Mr Rahmatallah Poudineh, Heriot-Watt University
Following the liberalisation of the electricity market in Norway since the early 1998, the focus of regulator was mainly on cost reduction and efficiency as the main driving force behind the idea of competitive electricity market. However; sufficient and efficient investment is expected to be the next key issue in regulation of distribution and transmission networks as many of the current energy policy objectives such as the European electricity market integration, increasing the share of renewable in the energy mix, improving quality of services and roll out of the smart meters can only be realised through further investments.
The conventional cost-based regulation only stimulates allocative efficiency and strongly encourages overcapitalization (Averch-Johnson-Effect). On the other hand, the current forms of incentive regulation only lead to productive efficiency, predominantly incentivizing short term efficiency in terms of operational expenditures. Moreover, additional instruments such as quality regulation and/or additional allowances may incentivize replacement and expansions investments respectively. However, from a theoretical point of view, incentive regulation does not motivate dynamic efficiency in the sense of explicit regulatory stimuli for asset innovation leading to a dynamically efficient investment allocation. Thus, complex trade-offs result from the guiding idea of efficiency oriented network operation (productive efficiency) and incentivising the dynamic efficiency.
In pursuing this path, the objective of this paper is to analyse distribution companies in Norway in terms of incentive regulatory measures that lead the firms towards dynamic efficient investments in a smart grids context.
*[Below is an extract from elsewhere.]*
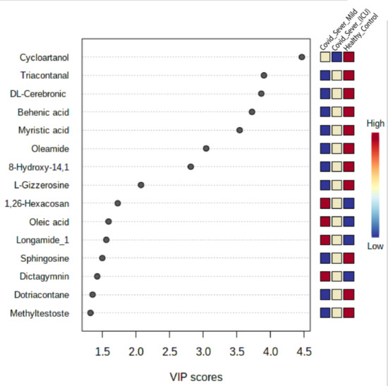 Finally, we sought to learn whether any metabolite or group of metabolites might be considered as COVID-19-specific. For this, we performed the variable importance in projection (VIP) score, and 15 EV metabolites were found to be responsive towards the variation between COVID-19 patient samples and healthy control samples (Figure 8). Among the metabolites that discriminated COVID-19 patient samples from healthy controls were four upregulated metabolites, namely oleic acid, 1,26-hexacosanediol, longamide, and dictagymnin, belonging to different metabolic pathways and suggesting a clear alteration in the respective pathways.

We use a dataset comprising a panel of 135 distribution companies from 2004 to 2010. Initially, we investigate whether theoretical variables influence the investment decision of the distribution companies and whether they can be manipulated through regulatory regime, by adopting a Bayesian Model Averaging (BMA) approach. In the second stage we measure cost efficiency of distribution networks using an input distance function and stochastic frontier technique.